TO DO
All pictures are to be dropped, and the remaining data set down exactly.

EXTRACTED INFORMATION
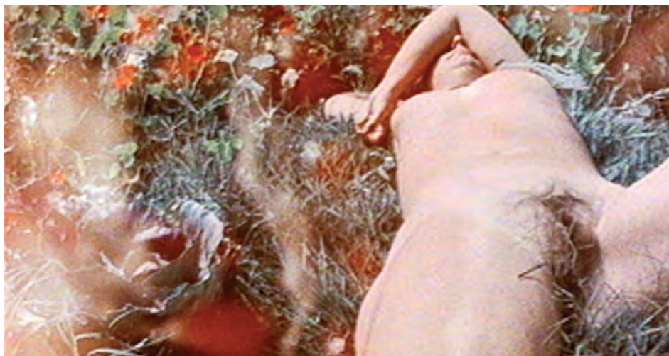
Dyketactics de Barbara Hammer (1974)
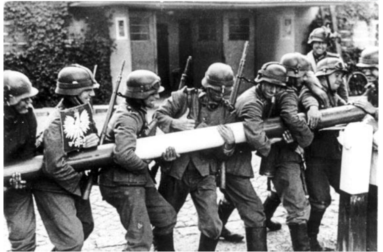
▲ Немецкие войска переходят границу с Польшей. 1 сентября 1939 года

Современные польские политики нередко представляют события сентября 1939 года как результат сговора двух агрессоров: фашистской Германии и СССР, которые напали на невинную жертву – Польшу. О том, что эта «жертва» сама строила агрессивные планы в отношении стран-соседей и участвовала в захвате их территорий, стараются не упоминать.
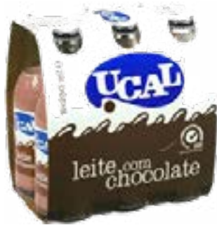
LAIT CHOCOLATE 6x250ML UCAL
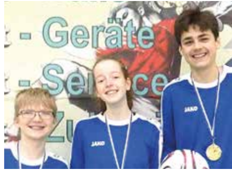
1. Platz - SCE Gliesmarode 1.

EXPECTED ANSWER
Dyketactics de Barbara Hammer (1974)
▲ Немецкие войска переходят границу с Польшей. 1 сентября 1939 года

Современные польские политики нередко представляют события сентября 1939 года как результат сговора двух агрессоров: фашистской Германии и СССР, которые напали на невинную жертву – Польшу. О том, что эта «жертва» сама строила агрессивные планы в отношении стран-соседей и участвовала в захвате их территорий, стараются не упоминать.
LAIT CHOCOLATE 6x250ML UCAL
1. Platz - SCE Gliesmarode 1.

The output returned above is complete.